Despite the speech, I wasn't consoled. My face was so pale, my freckles looked three-dimensional, and my eyes, which vary from blue to green, depending on what I'm wearing, were colorless. I had the raccoon thing going, too—an effect that can usually only be achieved by cheap mascara and a crying jag.

Having made this grim but accurate assessment, I turned from the mirror, traversed the kitchen again and opened the door. I stood for a moment on the landing, looking down on the gravel parking lot. Bert, a brawny guy with a shaved head and both arms tattooed with road maps, bent over the sidecar attached to his bike, unbuckling Russell's helmet. Russell was his basset hound, and the mutt gave a happy yip when he spotted me.

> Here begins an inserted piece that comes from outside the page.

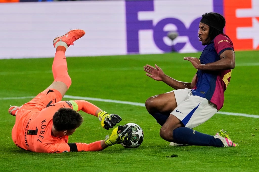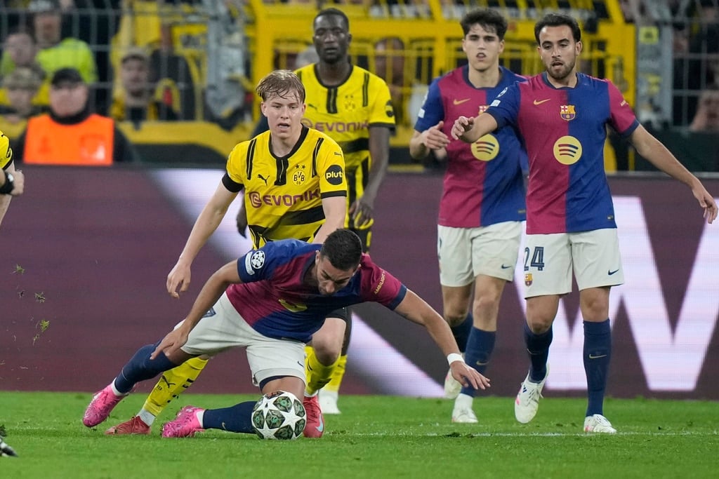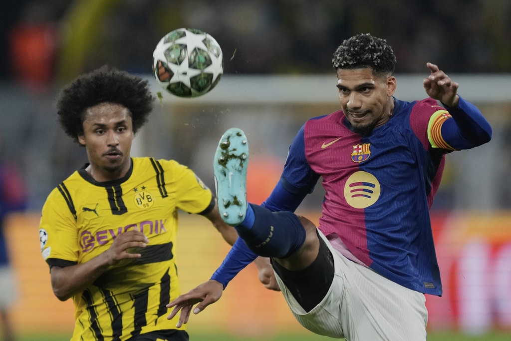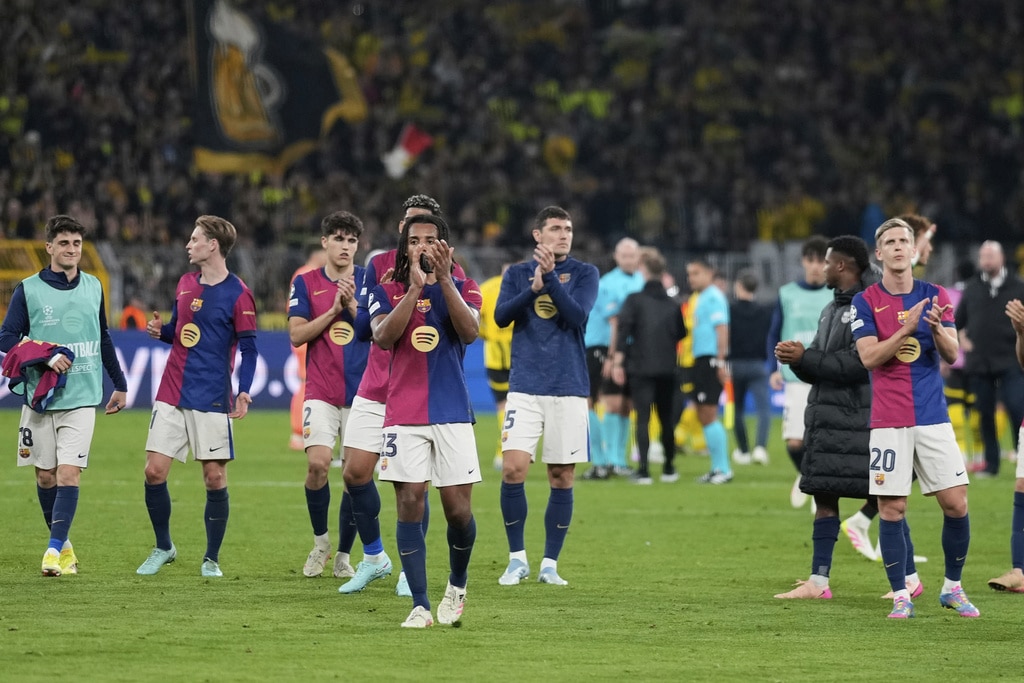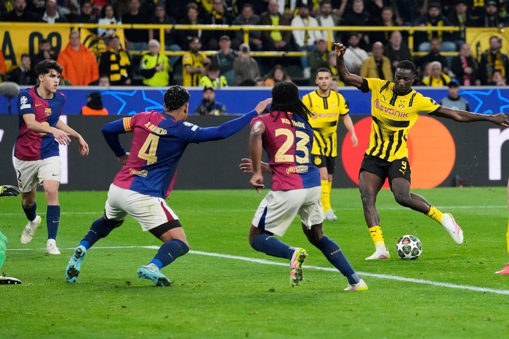 Barcelona’s Ronald Araujo, right, duels for the ball with Dortmund’s Karim Adeyemi during the Champions League quarterfinals second leg soccer match between Borussia Dortmund and Barcelona, at the Signa-Iduna Park in Dortmund, Germany, Tuesday, April 15, 2025. (AP Photo/Martin Meissner)Dortmund’s goalkeeper Gregor Kobel, left, makes a save in front of Barcelona’s Jules Kounde during the Champions League quarterfinals second leg soccer match between Borussia Dortmund and Barcelona, at the Signa-Iduna Park in Dortmund, Germany, Tuesday, April 15, 2025. (AP Photo/Martin Meissner)Barcelona players greet supporters at the end of the Champions League quarterfinals second leg soccer match between Borussia Dortmund and Barcelona, at the Signa-Iduna Park in Dortmund, Germany, Tuesday, April 15, 2025. (AP Photo/Matthias Schrader)Barcelona’s Ferran Torres, bottom, is challenged by Dortmund’s Daniel Svensson during the Champions League quarterfinals second leg soccer match between Borussia Dortmund and Barcelona, at the Signa-Iduna Park in Dortmund, Germany, Tuesday, April 15, 2025. (AP Photo/Matthias Schrader)Dortmund’s Serhou Guirassy, right, scores his side’s third goal during the Champions League quarterfinals second leg soccer match between Borussia Dortmund and Barcelona, at the Signa-Iduna Park in Dortmund, Germany, Tuesday, April 15, 2025. (AP Photo/Martin Meissner)

Bert Wenchal—Bert being short for Bertrand—turned and favored me with a broad smile. For all that he could have been an attraction in one of those road-side freak shows advertised on billboards—See the Amazing Human Map, 5 Miles Ahead—Bert had perfect teeth, never mind that they were the size of piano keys, and baby blue eyes.

“Hey, Mojo,” he called, setting the dog's head gear on the seat of the Harley. Russell leaped out of the sidecar and trundled toward me as I descended the wooden stairs. Most days Russell sat on a stool at the end of the bar, and scored too many pepperoni sticks from the customers.

I bent to ruffle the dog's floppy ears. “You're too fat,” I told him affectionately.

He tried to lick my face.

Bert's keys jingled as he shoved one into the lock on the service door. The bar wouldn't open until ten, but he liked to come in early, put the coffee on to brew, fire up the hot dog roaster, rake the peanut shells, cigarette butts and spit-lumps out of the sawdust on the floor and balance the till. As landlords went, Bert was unconventional, but the rent was right and he had a great dog, so we got along okay.

“You look like hell this morning,” he told me brightly, washing his hands at the sink behind the bar. Bert was proud of his saloon, especially the bar. It was nothing but splintery boards, nailed across the top of six huge wooden barrels, bought at a junk sale in Tombstone, but according to Bert, the thing was a true historical artifact. Allegedly, in its heyday, the likes of Wyatt Earp and Doc Holliday had bellied up to it.